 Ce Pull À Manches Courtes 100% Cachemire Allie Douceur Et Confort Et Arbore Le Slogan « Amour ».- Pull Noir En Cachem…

• • • • • • •

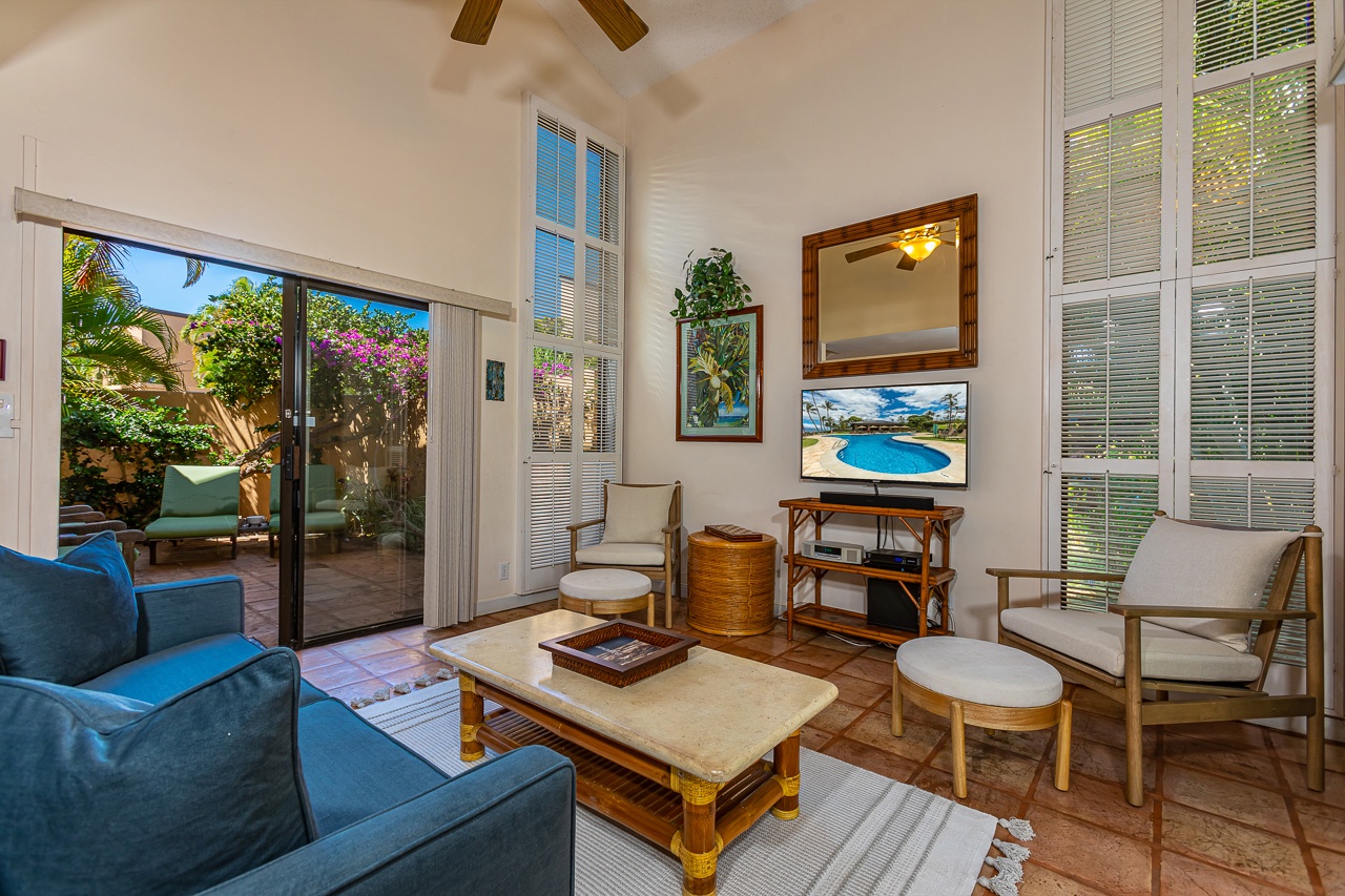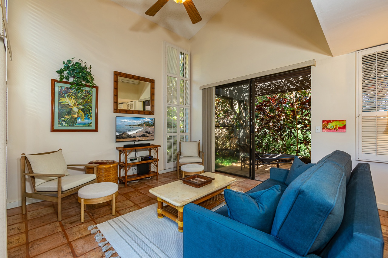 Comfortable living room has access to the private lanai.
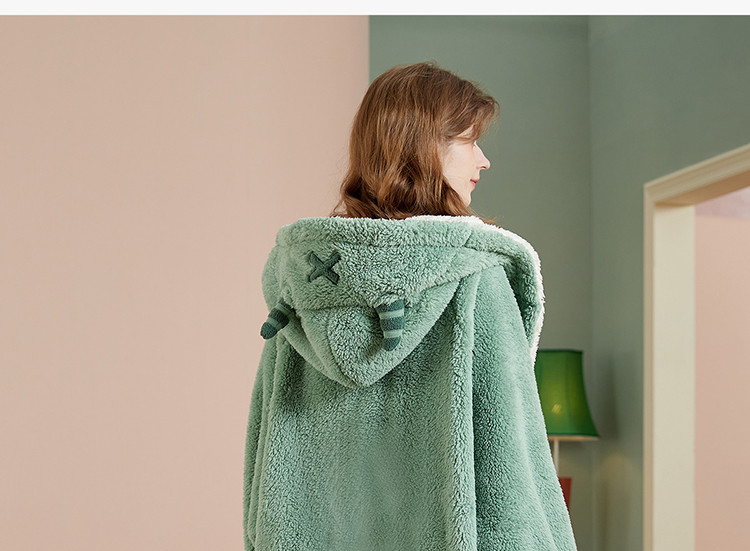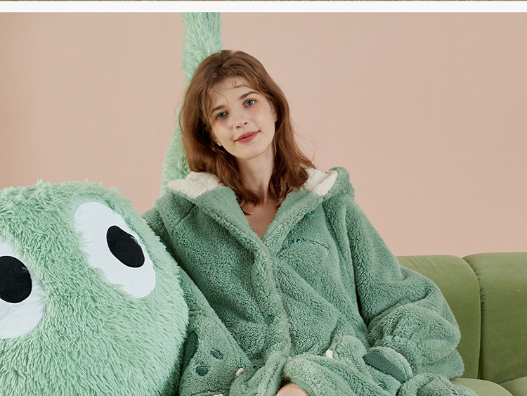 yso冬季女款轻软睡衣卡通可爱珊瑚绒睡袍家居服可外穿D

• • • • • • •

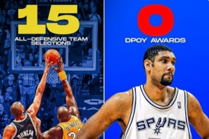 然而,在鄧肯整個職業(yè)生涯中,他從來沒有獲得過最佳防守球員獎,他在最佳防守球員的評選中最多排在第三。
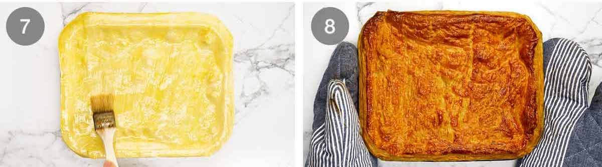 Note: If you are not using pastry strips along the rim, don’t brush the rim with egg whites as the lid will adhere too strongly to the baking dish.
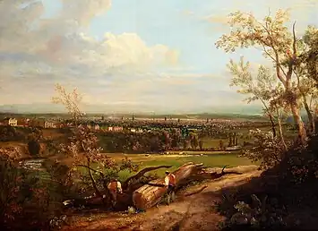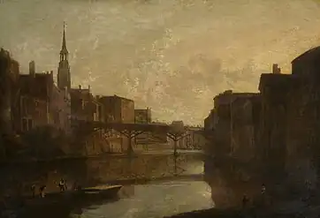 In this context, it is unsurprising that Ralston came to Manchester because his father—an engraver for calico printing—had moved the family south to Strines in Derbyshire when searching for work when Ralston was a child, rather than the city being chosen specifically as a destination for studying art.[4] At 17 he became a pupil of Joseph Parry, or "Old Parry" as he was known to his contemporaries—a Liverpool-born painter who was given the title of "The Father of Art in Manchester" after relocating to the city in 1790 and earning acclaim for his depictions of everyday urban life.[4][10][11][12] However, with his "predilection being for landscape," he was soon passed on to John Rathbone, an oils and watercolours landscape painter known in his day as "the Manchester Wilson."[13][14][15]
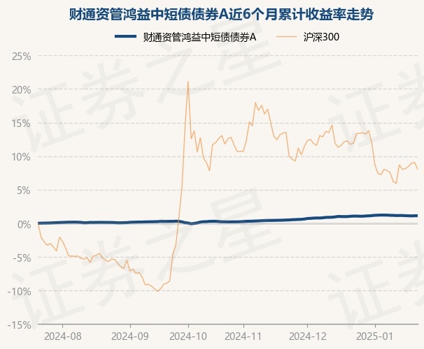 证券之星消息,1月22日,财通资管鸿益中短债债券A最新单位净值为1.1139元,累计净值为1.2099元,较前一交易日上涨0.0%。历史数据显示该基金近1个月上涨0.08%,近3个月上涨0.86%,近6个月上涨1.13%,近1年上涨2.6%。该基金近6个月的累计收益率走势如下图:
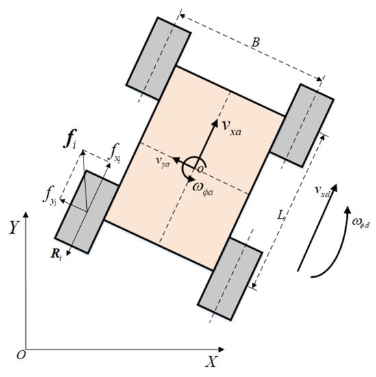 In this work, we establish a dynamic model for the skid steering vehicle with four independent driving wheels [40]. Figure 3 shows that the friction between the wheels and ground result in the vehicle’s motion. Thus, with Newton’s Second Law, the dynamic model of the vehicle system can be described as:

• • • • • • •

### Work request
Leaving out each picture, repeat exactly the lines above from the one that contains "证券之星消息,1月22日,财" through the one that contains "In this work, we".

### Result of this task
 证券之星消息,1月22日,财通资管鸿益中短债债券A最新单位净值为1.1139元,累计净值为1.2099元,较前一交易日上涨0.0%。历史数据显示该基金近1个月上涨0.08%,近3个月上涨0.86%,近6个月上涨1.13%,近1年上涨2.6%。该基金近6个月的累计收益率走势如下图:
 In this work, we establish a dynamic model for the skid steering vehicle with four independent driving wheels [40]. Figure 3 shows that the friction between the wheels and ground result in the vehicle’s motion. Thus, with Newton’s Second Law, the dynamic model of the vehicle system can be described as:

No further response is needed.